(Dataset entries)
+---+

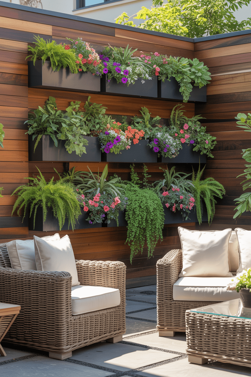 - Use climbing plants or hanging planters to soften a solid privacy wall
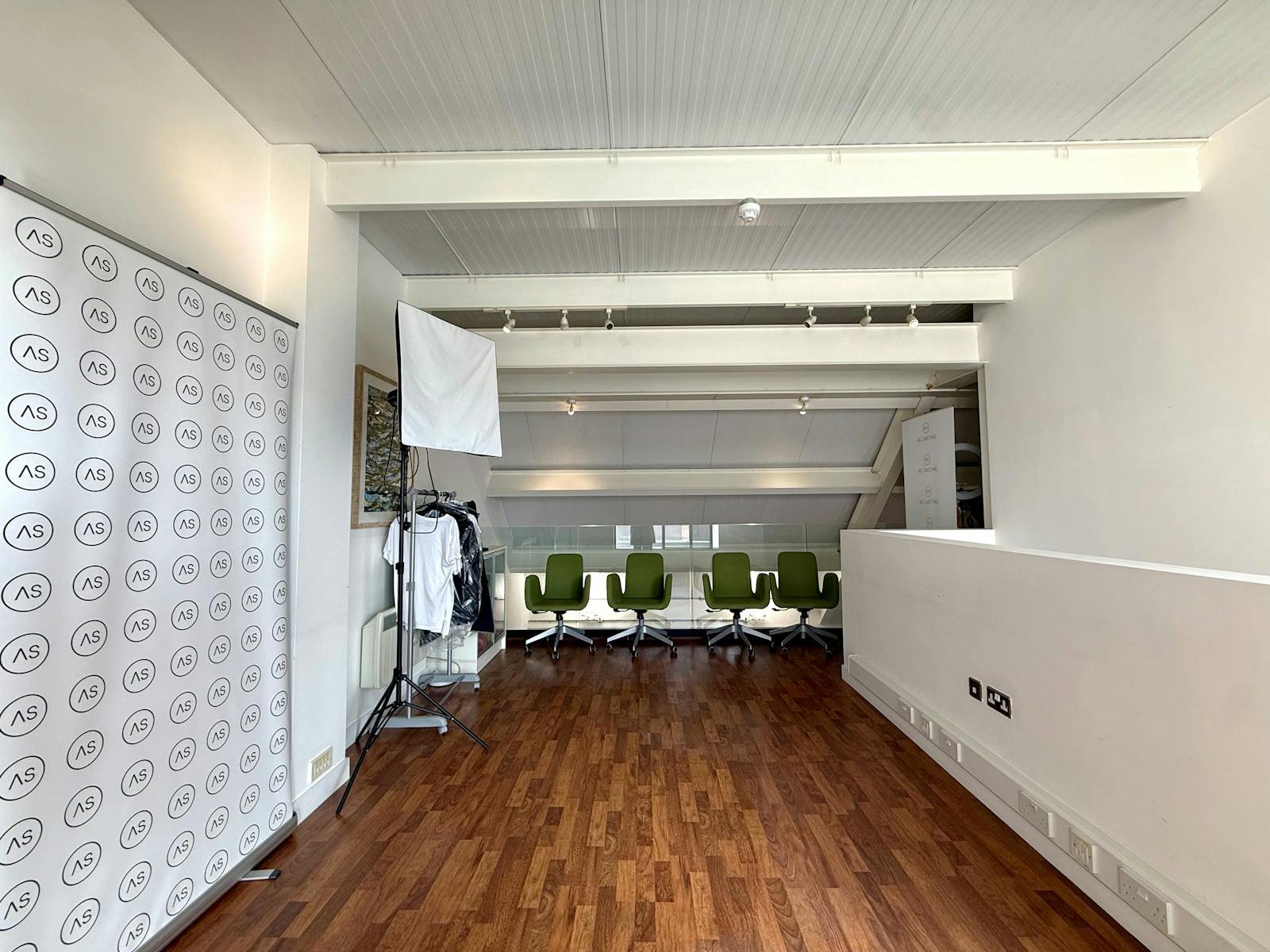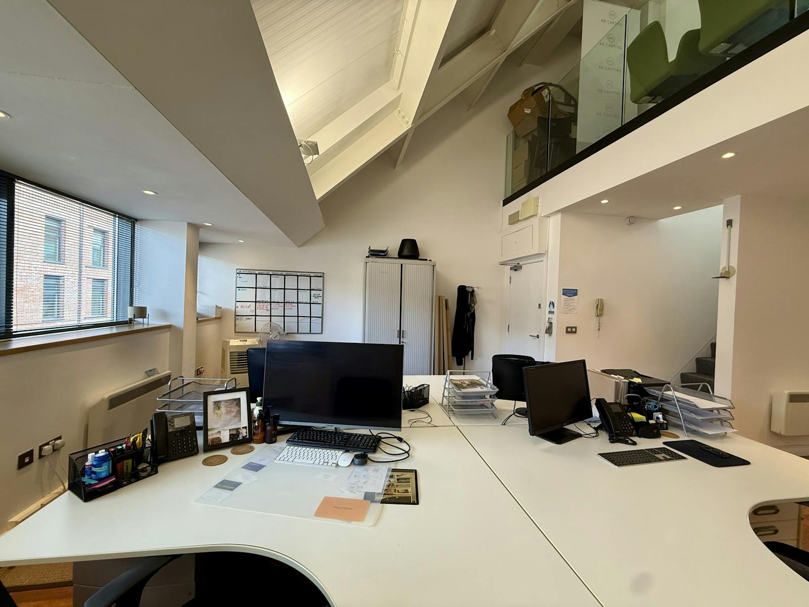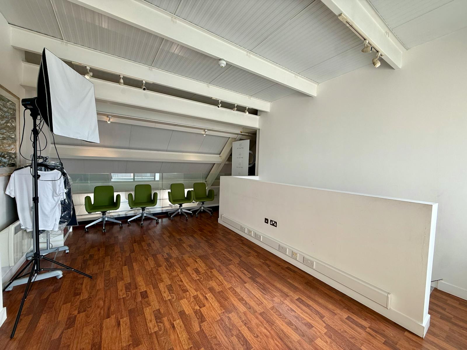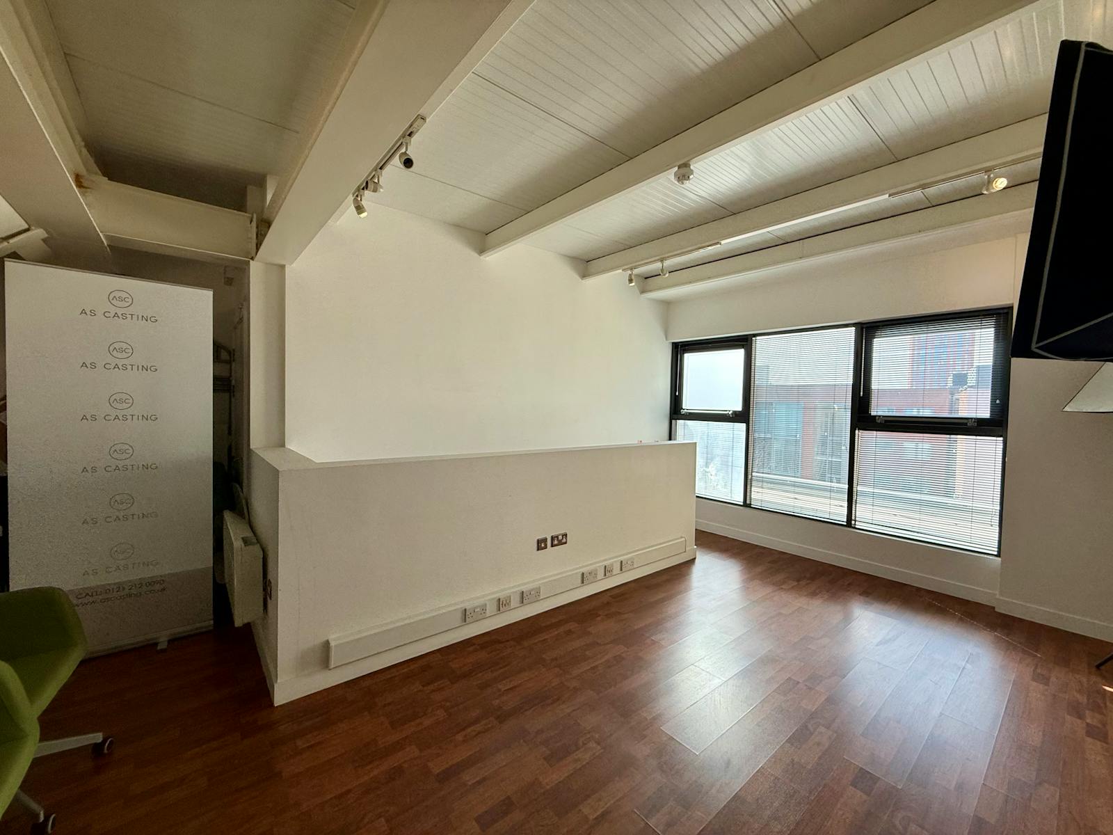 Stairs lead to the upper mezzanine level, which provides a further large open plan office area. This level also benefits from a secondary access point leading back into the communal stairwell.
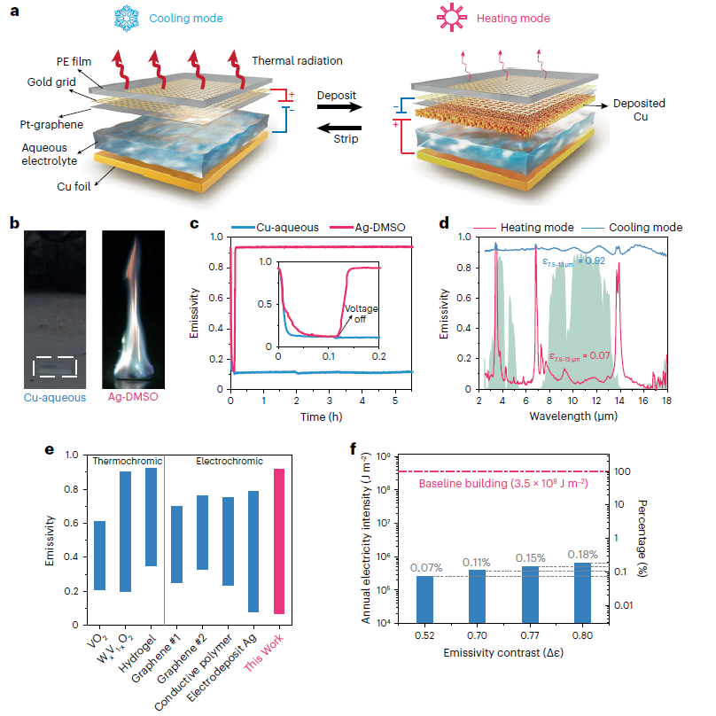 图1:水性电解质电致变色中红外调制系统的概念和优势。 (a) 电致变色系统的示意图演示。该设备可以在加热模式(铜沉积)和冷却模式(铜剥离)之间进行调整。 (b) Cu-水和 Ag-DMSO 电解质的可燃性测试。 (c) 加热模式(金属涂层)的不挥发性测试。 λ = 10 微米。 (d) 加热和冷却模式的 FTIR 光谱。绿色阴影区域为大气透明窗口。 (e) 可调发射率对比度与不同策略的比较。 (f) 切换到不同发射率的水性装置的年耗电量。红色虚线表示基准建筑物的年用电量。设备切换到不同发射率状态的年用电量占基线建筑物年用电量的百分比标记在条形图上。
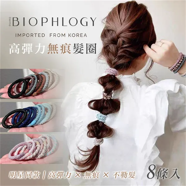 韓國 BIOPHILOGY 高彈力無痕髮圈 8條入
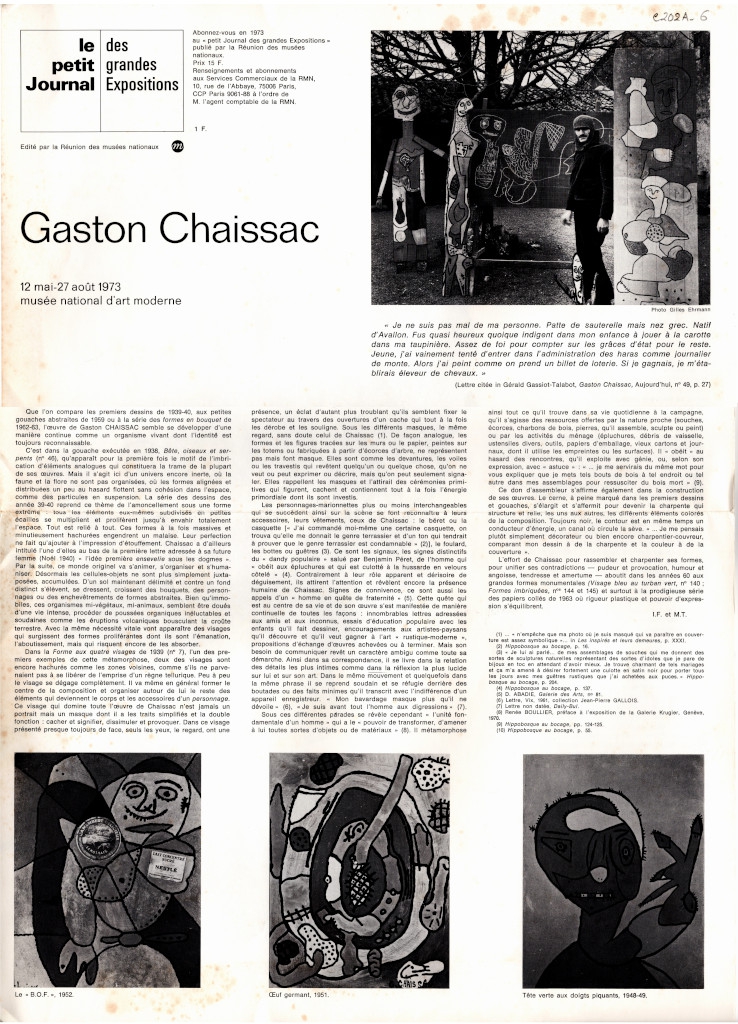 Έντυπο, στα γαλλικά, δίπτυχο, χαρτί ιλουστρασιόν, 45,0×32,5 εκ. αφιερωμένο στην αναδρομική έκθεση έργων του Γάλλου εικαστικού Gaston Chaissac στο Παρίσι το 1973. Περιέχει κείμενα για τον καλλιτέχνη από τους Isabelle Fontaine και Marielle Tabart, αποσπάσματα επιστολών του καλλιτέχνη σε φίλους του και βιογραφικό του καλλιτέχνη.
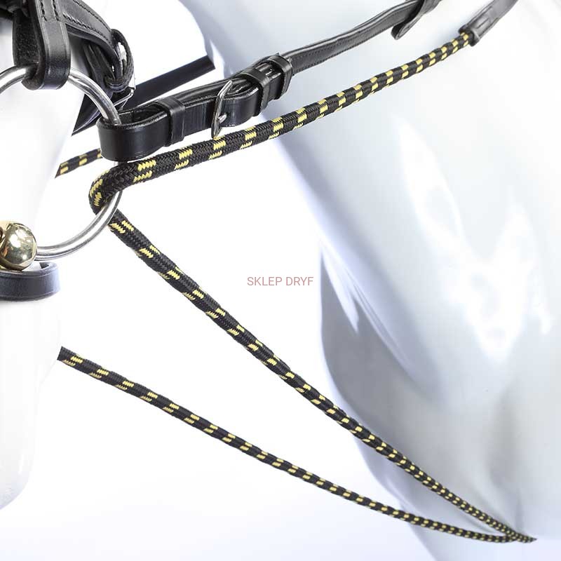 Wodza skórzana o szerokości 16 mm wraz z linkami, które są zakończone karabińczykami. Pętla do popręgu.

+---+

= Task details =
Copy the final portion of the records: every line from the one containing "Έντυπο, στα γαλλικά, δίπτυχο, χαρτί" through the last, word for word, without pictures.

= The answer =
 Έντυπο, στα γαλλικά, δίπτυχο, χαρτί ιλουστρασιόν, 45,0×32,5 εκ. αφιερωμένο στην αναδρομική έκθεση έργων του Γάλλου εικαστικού Gaston Chaissac στο Παρίσι το 1973. Περιέχει κείμενα για τον καλλιτέχνη από τους Isabelle Fontaine και Marielle Tabart, αποσπάσματα επιστολών του καλλιτέχνη σε φίλους του και βιογραφικό του καλλιτέχνη.
 Wodza skórzana o szerokości 16 mm wraz z linkami, które są zakończone karabińczykami. Pętla do popręgu.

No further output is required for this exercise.